The skin of his chest and upper arms was creamy-smooth as polished alabaster, where the sun had not stained it.


Beneath her fingers it had an elastic hardness, a rubbery sensuality and warmth that disturbed her. When she realized suddenly that she was no longer wiping with the flannel but using it to caress the shape of hard muscle beneath the pale skin, she checked herself and made her actions brusque and businesslike.


They dried his upper body, and Nanny reached to jerk the blankets down below Sebastian's waist.


"Wait!" It came out of Rosa as a cry, and Nanny paused with her hand on the bedclothes and her head held at an angle, quizzical, birdlike. Her wizened old features crinkled in sly amusement.
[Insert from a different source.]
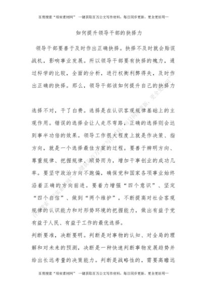如何提升领导干部的抉择力[更多资源请百度搜索“培实素材网”]
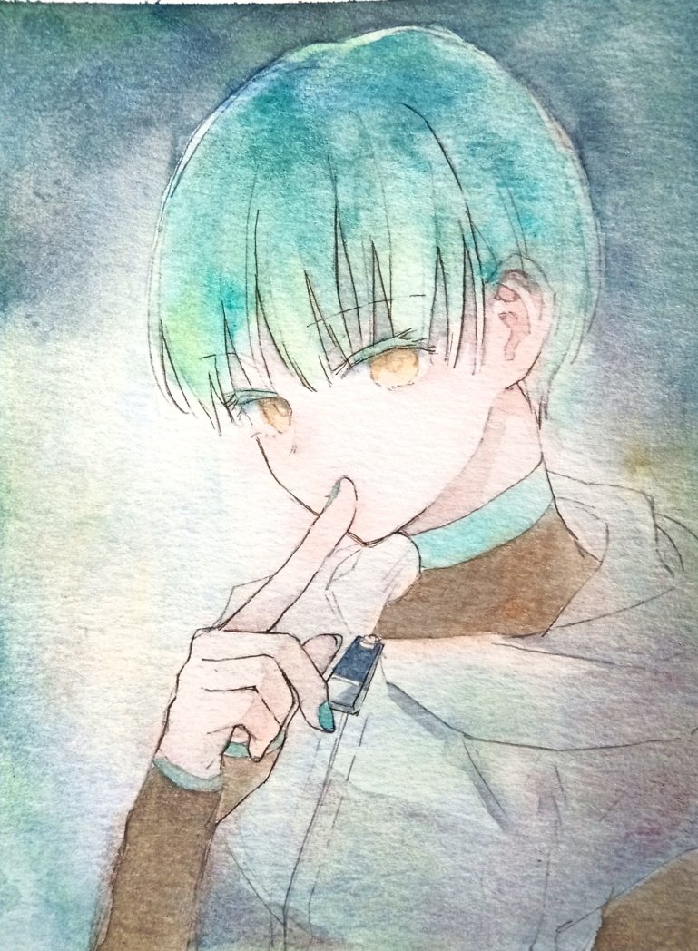それはさておきほたるくんの前髪付近とか腕あたりのような光の影響を受けて別の色になるのは水彩だと(というか成嶋にはまだ)むずかしいので、こういう部分はとくに塗っててたのしいところです。

"Wait," Rosa repeated in confusion. "First help me get the night-shirt on him," and she snatched up one of Flynn's freshly ironed but threadbare old night-shirts from the chair beside the bed.


"It cannot bite you, Little Long Hair," the old woman teased her gently. "It has no teeth."


"You just stop that kind of talk," snapped Rosa with unnecessary violence. "Help me sit him up."


Between them they lifted Sebastian and slipped the nightshirt down over his head, before lowering him to the pillow again.


"And now?" Nanny asked innocently. For answer, Rosa handed her the flannel, and turned to stare fixedly out of the rondavel window. Behind her she heard the rustle of blankets and then Nanny's voice.


"Haul Haul" The age-old expression of deep admiration, followed by a cackle of delighted laughter, as Nanny saw the back of Rosa's neck turning bright pink with embarrassment.


Nanny had smuggled Flynn's cut-throat razor out of the bungalow, and was supervising critically as Rosa stroked it gingerly over Sebastian's soapy cheeks. There was no sound medical reason why a malaria patient should be shaved immediately after emerging from the crisis, but Rosa had advanced the theory that it would make him feel more comfortable and Nanny had agreed enthusiastically. Both of them were enjoying themselves with all the sober delight of two small girls playing with a doll.